If you find out what the issue is or work around, it would be great if you could post it here - apologies for not having more advice on this one.

pcampiteli commented 6 months ago

the 35 species analysis is a pangenome like analysis, and yes its a lot.. But I'm conducting other analyses with less genomes. All of them I able to finish the synima pipeline anaysis, but as I mentioned some are facing this orthofinder issue. The orhoMLC works but I'm interested in the orthofinder outputs. Its more reliable to stablish orthology and gives me other relevant information I'm using in my analysis. In the log it is possible to view that this is the main issue in my analysis. And I need to check the script lines to understand what is going on. My mais issue is that the orhtofinder script in the support scripts folder is .linux and opens a file that isn't human redable.

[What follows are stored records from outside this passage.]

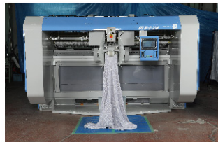
Feed items to conveyor directly

Low position stacker is equipped as standard and blankets are stacked there once folder.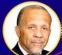
Honorable Bishop Charles Finnell Saturday, 11/14 - 9:30AM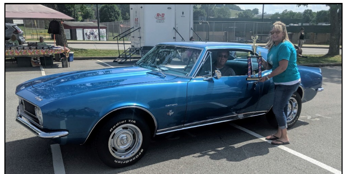
President's Choice - 1967 Chevy Camaro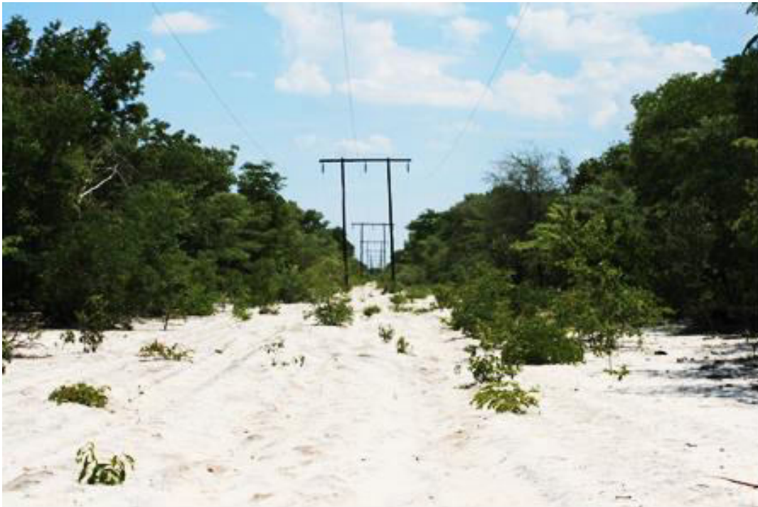
Figure 1: Bushes/trees not affecting the line left undisturbed.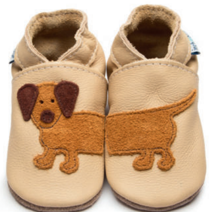
Dash Colour: Cream ID: 2935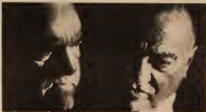
L. Patrick Gray (left) and J. Edgar Hoover.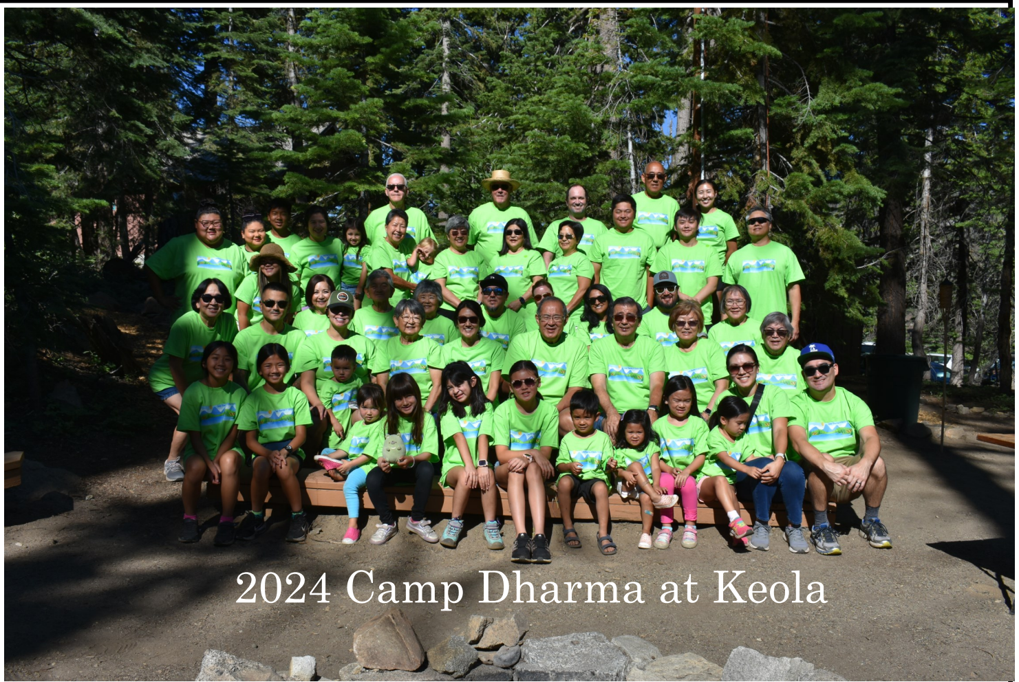
2024 Camp Dharma at Keola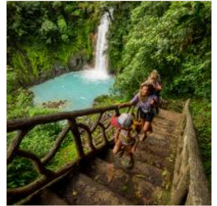
Where Wilderness Awakens Connection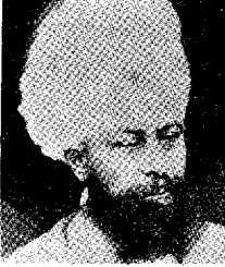
KHALIFATUL MASIH II

Lecture delivered by Hazrat Khalifatul-Masih II, the Second Successor of the Promised Messiah, peace be on him.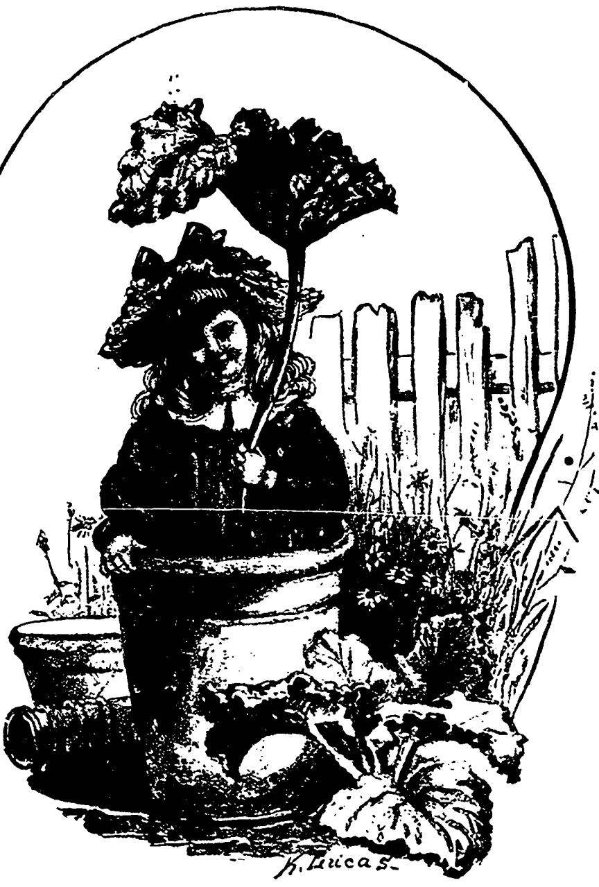
A STRANGE PLANT.

forward into the light of the fires, consentry to pass her in, and who looked as proud as if they were escorting a queen. The whole regiment gathered, including the colonel himself, to look at the child and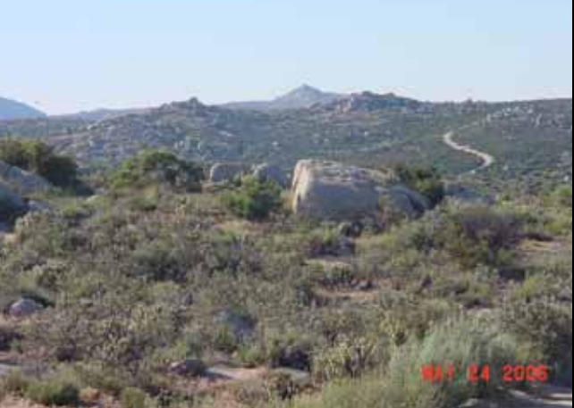
Distant road cut contrasts with adjacent nondisturbed areas in color and texture (view north).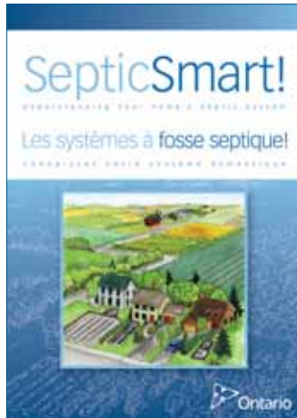
The SepticSmart! DVD and Rural Septic System Checklist has everything you need to help you manage your septic system properly.

The Rural Septic System Checklist includes practices to keep septic systems properly functioning as well as a maintenance schedule that you can customize for your own property. Attach the checklist to a basement or workroom wall for convenience and visibility.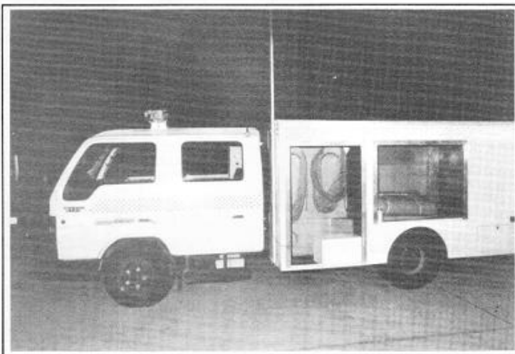
Crew cab and side compartments

Along came the Lottery Commission grants and this was too good an opportunity to pass up so our planning went into top gear.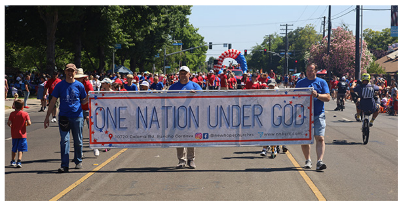
Church Involvement in the Parade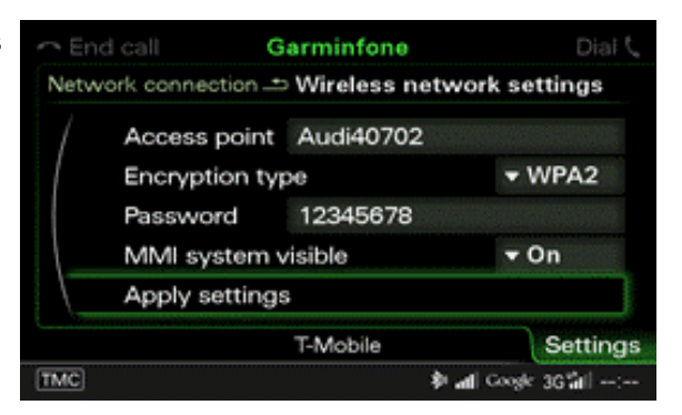
Figure 5. Wireless network settings.

"Running Orthofinder... Traceback (most recent call last): File "orthofinder/orthofinder.py", line 1610, in File "orthofinder/orthofinder.py", line 1429, in GetOrthologues File "orthofinder/scripts/orthologues.py", line 1097, in OrthologuesWorkflow File "orthofinder/scripts/stride.py", line 505, in GetRoot File "multiprocessing/pool.py", line 250, in map File "multiprocessing/pool.py", line 554, in get scripts.newick.NewickError: Unexisting tree file or Malformed newick tree structure. Failed to execute script orthofinder " with that said, I must say that I'm not that great in python scripting so this question maybe dumb, how do I change the orthofinder version? I have 2.5.4 installed in my conda environment, perhaps I just need to change the line in the script that call for the orthofinder? In my conda env, the orthofinder is already in the path.

Right now, I'll try to make a parallel orthofinder analysis without using the synima pipeline and check if the same thing happens.

Thanks for your reply, I'll do my best to understand the matter and come back with answers

rhysf commented 6 months ago

Hi @pcampiteli The conda version you have is probably not being called, and instead the /util/support_scripts/orthofinder.Linux

The version included in Synima currently is 2.2.7, while the most up to date version is 2.5.5 and found here:

https://github.com/davidemms/OrthoFinder/releases/tag/2.5.5/ OrthoFinder.tar.gz

If you install that and get that working, and then copy it to the Synima folder under the same name - you'll be running the newer version, which could be worth trying. Otherwise, this looks like an issue you'd have to log in the Orthofinder issues found here: https://github.com/davidemms/OrthoFinder/issues

If you do find a reason from the authors of OrthoFinder, please let me know.